A positive feedback loop linking enhanced mGluR function and basal calcium in spinocerebellar ataxia type 2
- Geffen School of Medicine, University of California, United States
- University of Utah, United States
- Roche Pharmaceutical Research and Early Development, Switzerland
Figures
Figure 1
mGluR1-mediated excitation of PCs is enhanced in SCA2 mice.

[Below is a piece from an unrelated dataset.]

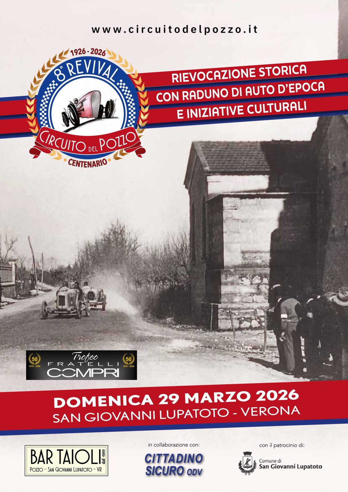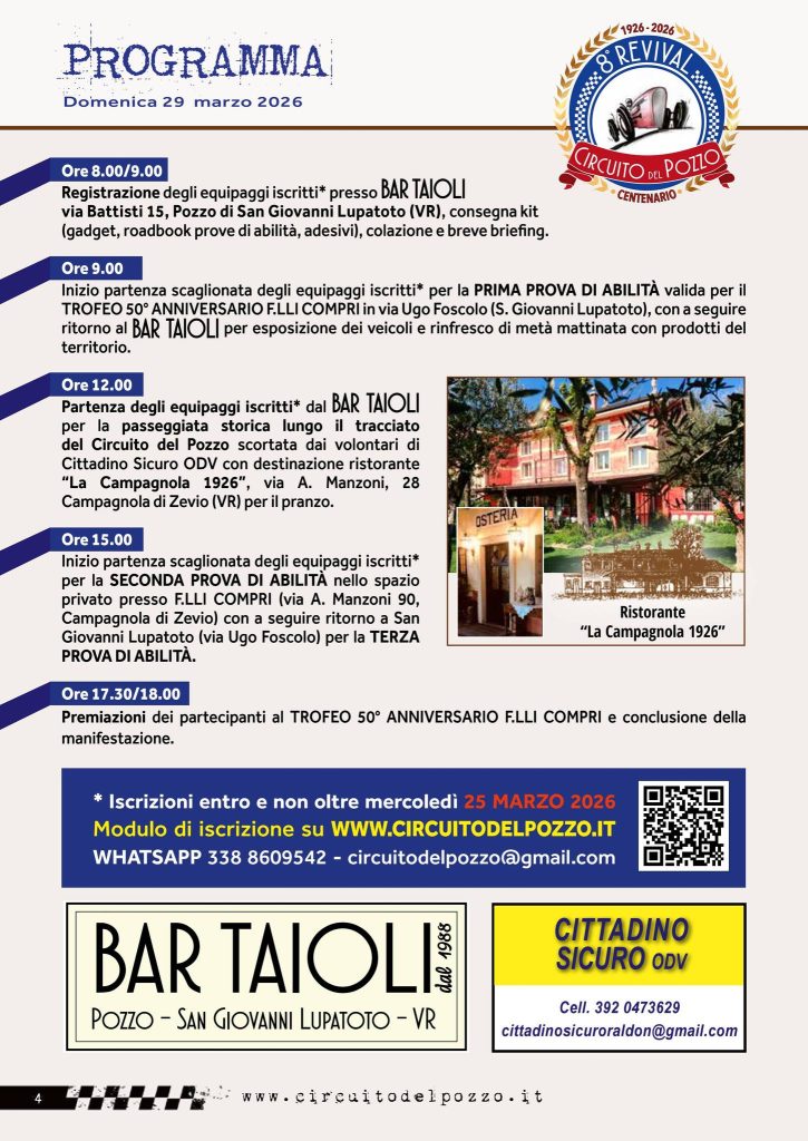 La prima gara sul Circuito del Pozzo si svolse il 21 marzo 1926: per celebrare il Centenario si terrà una serata speciale sabato 21 marzo 2026 – i dettagli verranno comunicati a breve – e messi a disposizione un numero limitato di INVITO OMAGGIO AUTO ANTE 1929 per il raduno di domenica 29 marzo.

(A) Extracellular recordings of PN firing from cerebellar slices shows that application of a low concentration of the group1 mGluR1-selective agonist DHPG (1 μM) minimally excites control PNs (black line, grey indicates s.e.m.) but strongly excites PNs from SCA2 mice (red line, lighter red indicates s.e.m.). Data are mean AP firing rates normalized to pre-DHPG control period from 26 and 25 PNs in slices prepared from 24 week-old SCA2 and wild type mice. (B) Summary of mean normalized firing rate 6–8 min after application of 1 μM DHPG as a function of genotype (black=WT; red=SCA2) and age. Note the progressive increase in sensitivity to the mGluR1 agonist with age. Numbers of PNs recorded are listed on each bar; significance is indicated following a two way ANOVA test indicating a significant effect of genotype (p<0.0001) and Sidak’s multiple comparison test (n.s. indicates non-significant; * indicates p<0.0002).
Figure 2
Two-photon calcium measurements show a steeper relationship between action potential (AP) firing frequency and steady-state calcium concentration in SCA2 PNs: (A) An 8 wk old SCA2 PN filled via whole-cell patch pipette with the calcium indicator dye OGB1 (200 μM) and the calcium–independent, red dye Alexa 594 (20 μM).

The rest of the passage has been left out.